Going to an event in the O2 Arena in August, planning on going in the motorhome and spending a few days in/around London.

Where to stay?

I was thinking Abbey Wood CC Site - is this reasonably near the O2 by public transport (how long would it take to get there)?

I don't know much about the LEZ and Congestion Charges - would these be applicable if going to Abbey Wood?

Thanks


----------



## RedSonja (May 22, 2006)

Hi Hezbez

Abbey Wood is the nearest campsite to the 02. I dont think there is a direct link from Abbey Wood to the 02 however you can do it by bus in about 40 minutes. (You need to change). Or a short walk and then one bus.

Its just over 6 miles if you are fit 
  

No congestion charge in Abbey Wood and no LEZ at the moment (Coming in 2012) 

Sonja


----------



## peribro (Sep 6, 2009)

You can get a South Eastern train from Abbey Wood station to Charlton station (4 stops / 12 minutes) and from there a bus to North Greenwich. O2 website says "Southeastern runs services to Charlton train station. Turn left out of the station and catch 486, 472 or N472 buses to North Greenwich, taking you approximately 10 mins to reach the front door of The O2."


----------



## olley (May 1, 2005)

What about Mossford Green Nursery? its near the M25,M11 junction. Theydon Bois central line tube station is around a mile away which takes you directly to Stratford station, change there to the Docklands light, and that takes you to North Greenwich right outside the O2. 
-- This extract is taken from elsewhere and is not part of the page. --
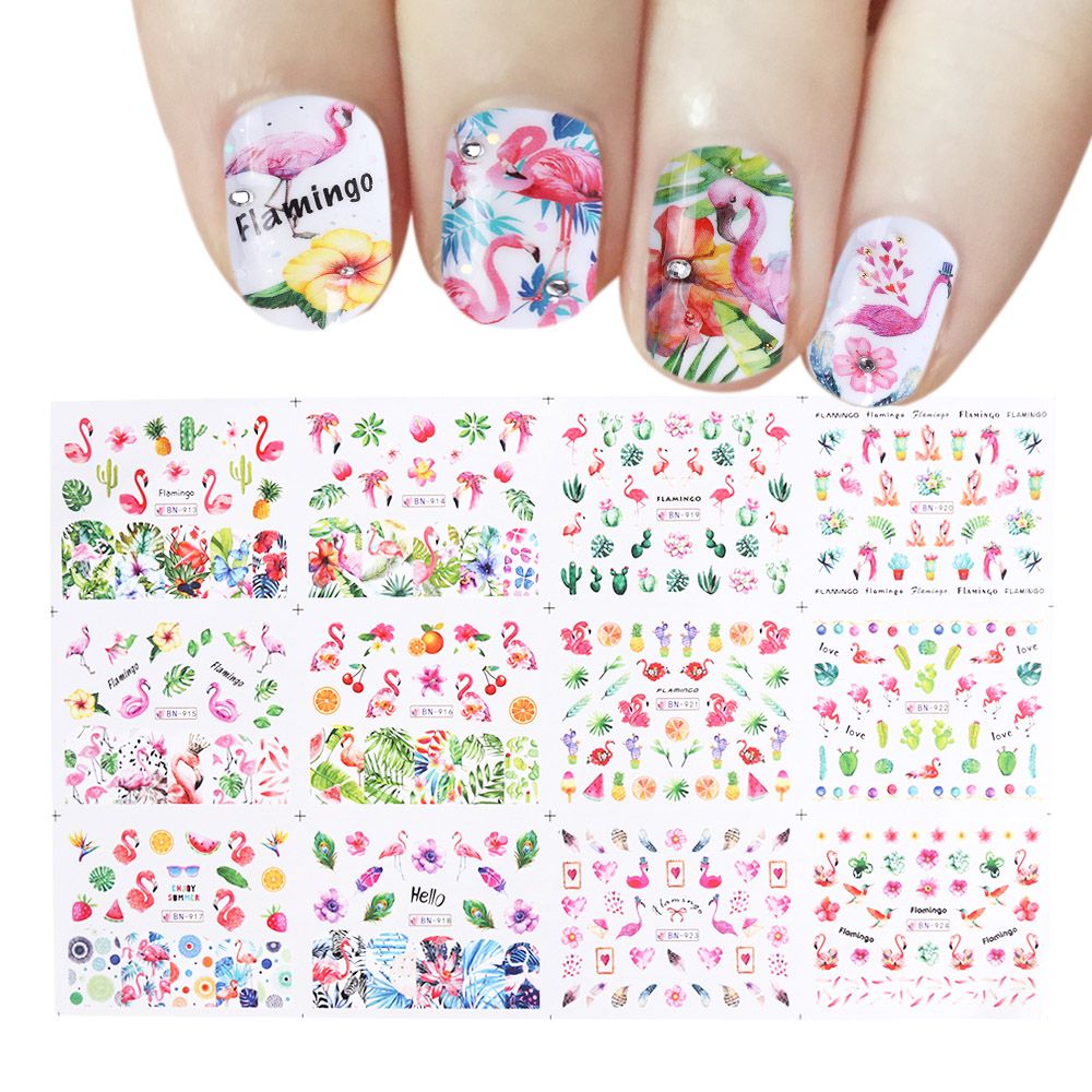 12 Designs Flamingos Nail Art Sticker Flower Green Leaves Water Decals New Design Nails Decorations Manicure Tools Labn913 924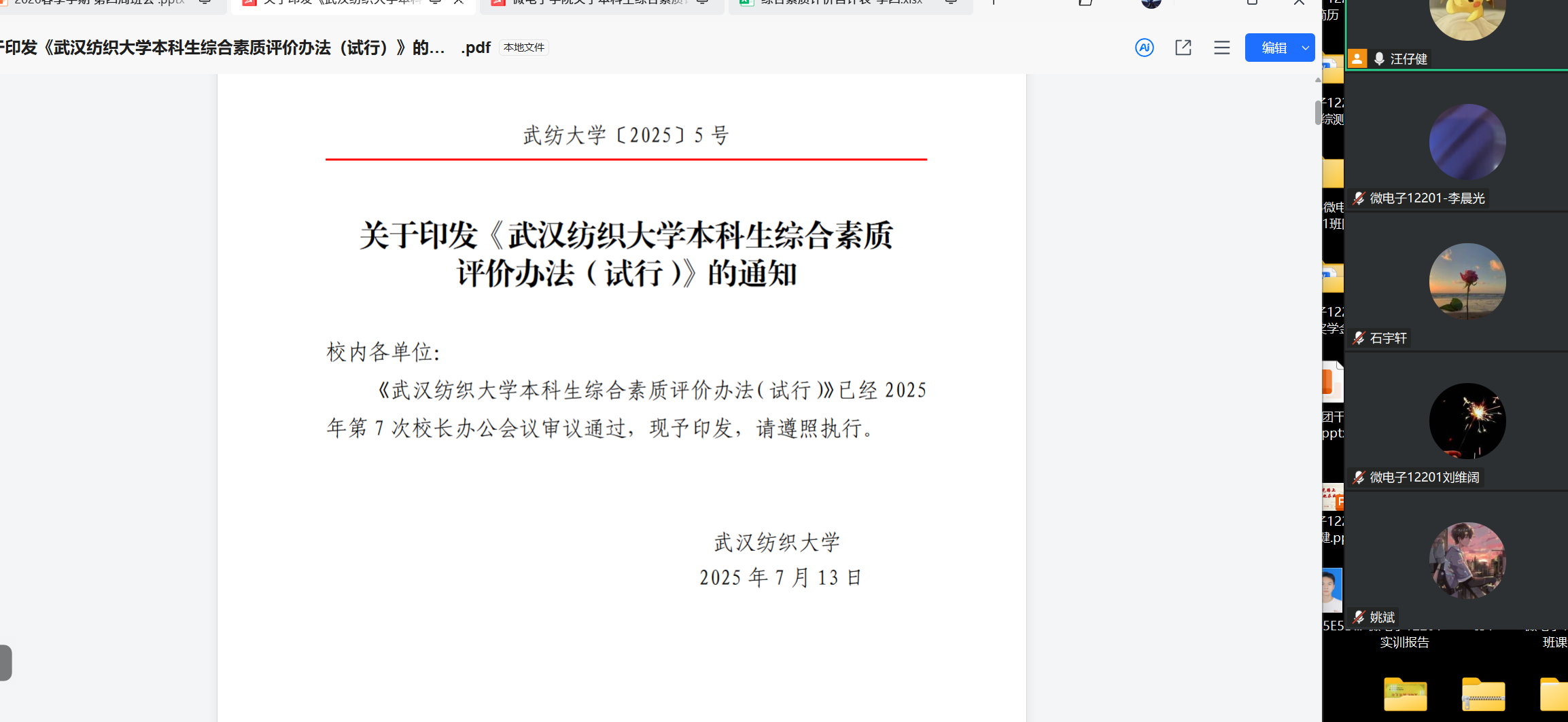 2022级班会突出考研冲刺与就业指导。 各班重温校友王鹏的护旗经历和退役大学生士兵郝建设的奋斗故事,引导学生传承家国情怀,在毕业季坚守初心、勇担使命。心理健康教育关注毕业生的就业焦虑与备考压力,通过情绪调适方法和团队互助机制,帮助学生保持积极心态。辅导员结合综合素质评价的毕业审核要求,详细解读毕业资格与学位授予条件,提醒学生完成学分自查与材料梳理,同时针对求职面试、考研复试等关键节点进行精准指导,鼓励毕业生以实干担当奔赴职场与深造新途,展现纺大学子的良好风貌。

Its a new CCC CS so you have to be a member, around £12 a night I think. And its outside the LEZ
http://www.motorhomefacts.com/modules.php?name=Campsites&op=display_results&csid=6074

Ian


----------



## joedenise (Jul 20, 2007)

park in sainsbury's car park about 10 min walk

joe


----------



## RedSonja (May 22, 2006)

I would advise against parking in the Sainsburys car park especially on a night when there is an event on at the 02. I have had trouble parking my car in there durig the day when I was only shopping in the store.

Sonja


----------



## Hezbez (Feb 7, 2009)

Thanks everyone- think I'll go with Abbey Wood.

Just before I book - can someone confirm that my motorhome will not be subject to any LEZ or congestion charges please?
Living up here in the sticks I don't much about how these charges work. (I thought everything inside the M25 was in a chargable area).

We have a 2007 2.2litre X250.


----------



## RedSonja (May 22, 2006)

Hezbez

I can confirm that Abbey Wood is most definately not in the congestion Zone and that you will not be subject to the LEZ (If your van is gong to be subject to it) until January 2012. 

We live within 3 miles of the site and we will be subject to the LEZ afer January 2012 (We have a 2004 Hymber) but only because it is not under 3.5tonne we only live within 100 yards of where the LEZ finishes. In fact you will probably pass our house when you go to Abbey Wood Site.

Sonja


----------